Phase II Study of the Histone Deacetylase Inhibitor PXD101 for the Treatment of Myelodysplastic Syndrome


PRIMARY OBJECTIVES:

I. Number of confirmed responses (complete response, partial response, and hematologic
improvement) during the first 12 weeks of treatment

SECONDARY OBJECTIVES:

I. Time to Progression II. Overall Survival III. Duration of Response IV. Time to
Discontinuation of Treatment V. Toxicity

OUTLINE: This is a multicenter study.

Patients receive belinostat intravenously (IV) over 30 minutes on days 1-5. Treatment
repeats every 21 days for 4 courses in the absence of disease progression or unacceptable
toxicity. Patients achieving complete response, partial response, or hematologic improvement
after 4 courses receive 4 additional courses of therapy.
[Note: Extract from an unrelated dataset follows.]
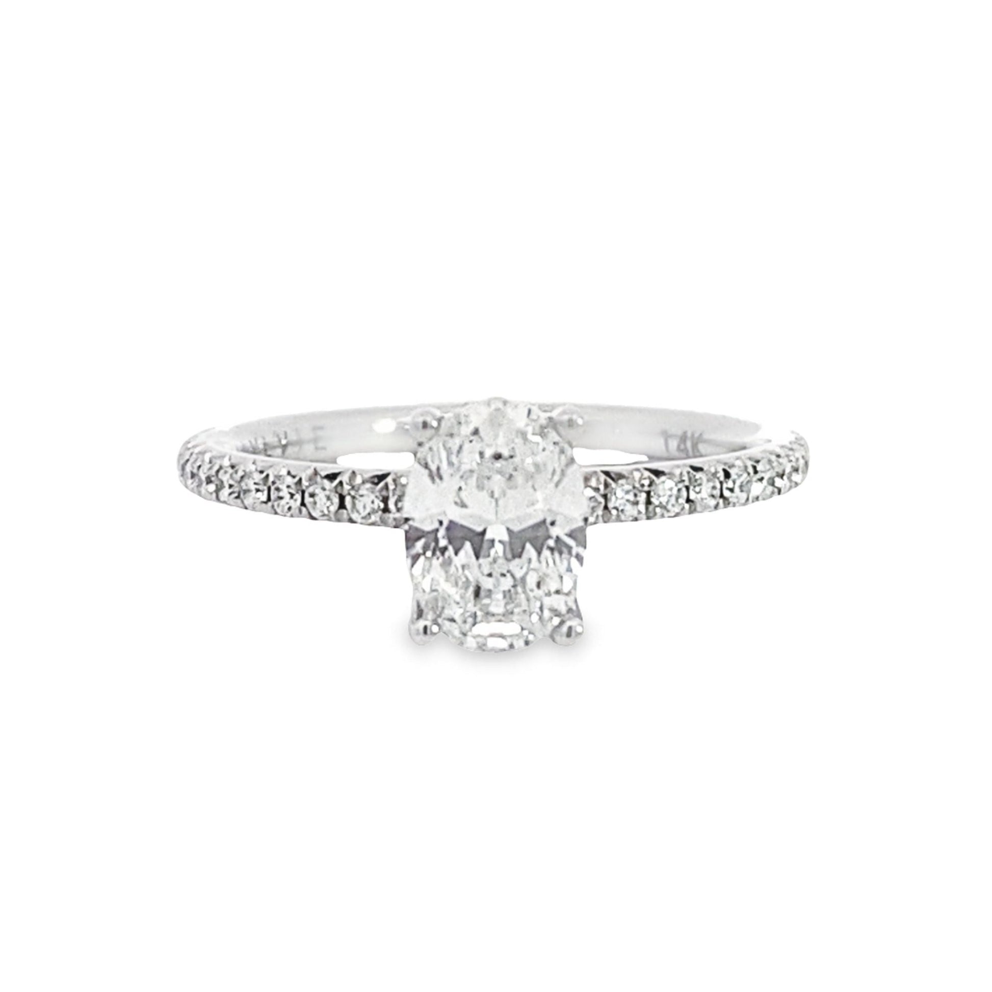 Elevate your love story with the timeless elegance of our 14K White Gold Oval Cut Diamond Engagement Ring, meticulously crafted by Sylvie. Adorned with 43 round brilliant cut diamonds totaling 0.22 carats, boasting SI-2 internal clarity and a radiant G color, this ring sets the stage for a 1.00 carat oval center stone (not included), creating a dazzling symbol of your everlasting commitment.

After completion of study
treatment, patients are followed every 3-6 months for up to 3 years.


Inclusion Criteria:



- Histologically confirmed myelodysplastic syndromes (MDS)
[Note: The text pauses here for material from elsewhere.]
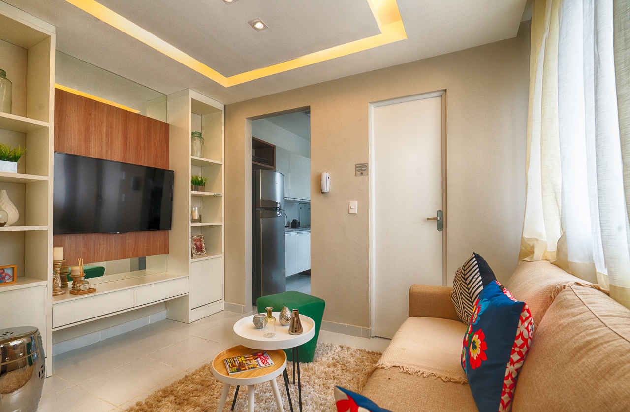 O condomínio possui casas duplex de 2 quartos e casas térreas acessíveis de 2 quartos.

- De novo or secondary MDS

- Patients with < 5 % bone marrow blasts must meet ≥ 1 of the following criteria:

- Symptomatic anemia with either hemoglobin < 10.0 g/dL or required RBC
transfusions within the past 3 months

- Thrombocytopenia with ≥ 2 platelet counts < 50,000/mm³ or significant hemorrhage
requiring platelet transfusions

- Neutropenia with ≥ 2 absolute neutrophil counts < 1,000/mm³

- No acute myeloid leukemia (≥ 20% bone marrow blasts)
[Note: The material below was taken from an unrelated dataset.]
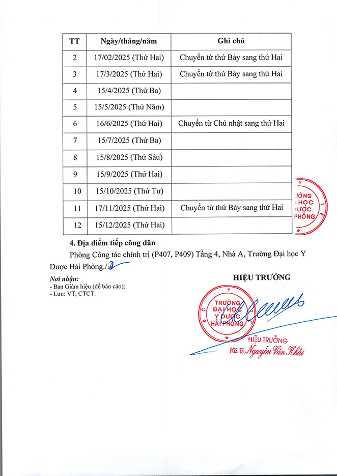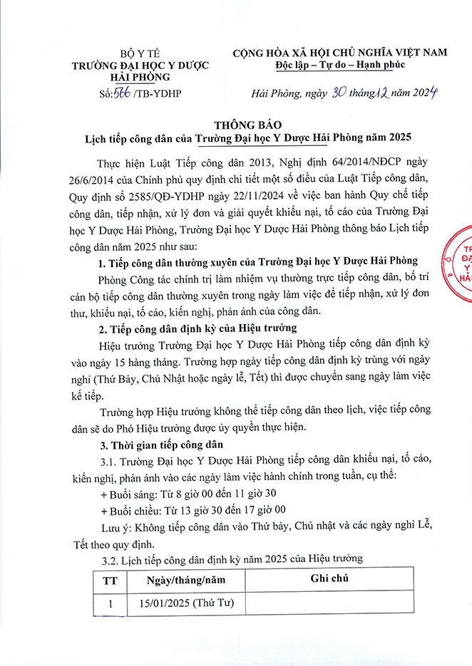 Thông báo Lịch tiếp công dân của Trường Đại học Y Dược Hải Phòng năm 2025

- ECOG performance status 0-2

- Life expectancy > 12 weeks

- Bilirubin ≤ 1.5 times upper limit of normal (ULN)

- AST ≤ 2 times ULN

- Creatinine ≤ 2.0 mg/dL

- Not pregnant or nursing

- Negative pregnancy test

- Fertile patients must use effective contraception

- No history of allergic reactions attributed to compounds of similar chemical or
biologic composition to PXD101

- No HIV positivity

- QTc interval ≤ 500 msec

- No long QT syndrome

- No significant cardiovascular disease, including any of the following:

- Unstable angina pectoris

- Uncontrolled hypertension

- Congestive heart failure related to primary cardiac disease

- Condition requiring anti-arrhythmic therapy

- Ischemic or severe valvular heart disease

- Myocardial infarction within the past 6 months

- No other uncontrolled serious medical condition (e.g., cardiac arrhythmias or
diabetes)

- Recovered from prior therapy

- No more than 2 prior therapies for MDS

- Prior hematopoietic growth factors, androgens, and other supportive care agents
allowed and are not considered in the prior therapy total

- No prior allogeneic stem cell transplantation

- More than 4 weeks since prior radiotherapy or chemotherapy (6 weeks for nitrosoureas
or mitomycin C)

- No prior histone deacetylase (HDAC) inhibitors for treatment of MDS

- More than 2 weeks since prior valproic acid or other HDAC inhibitors

- No other concurrent investigational agents

- No concurrent medication that may cause torsades depointes, including any of the
following:

- Disopyramide

- Dofetilide

- Ibutilide

- Procainamide

- Quinidine

- Sotalol

- Bepridil

- Methadone

- Amiodarone hydrochloride

- Arsenic trioxide

- Cisapride

- Calcium-channel blockers (e.g., lidoflazine)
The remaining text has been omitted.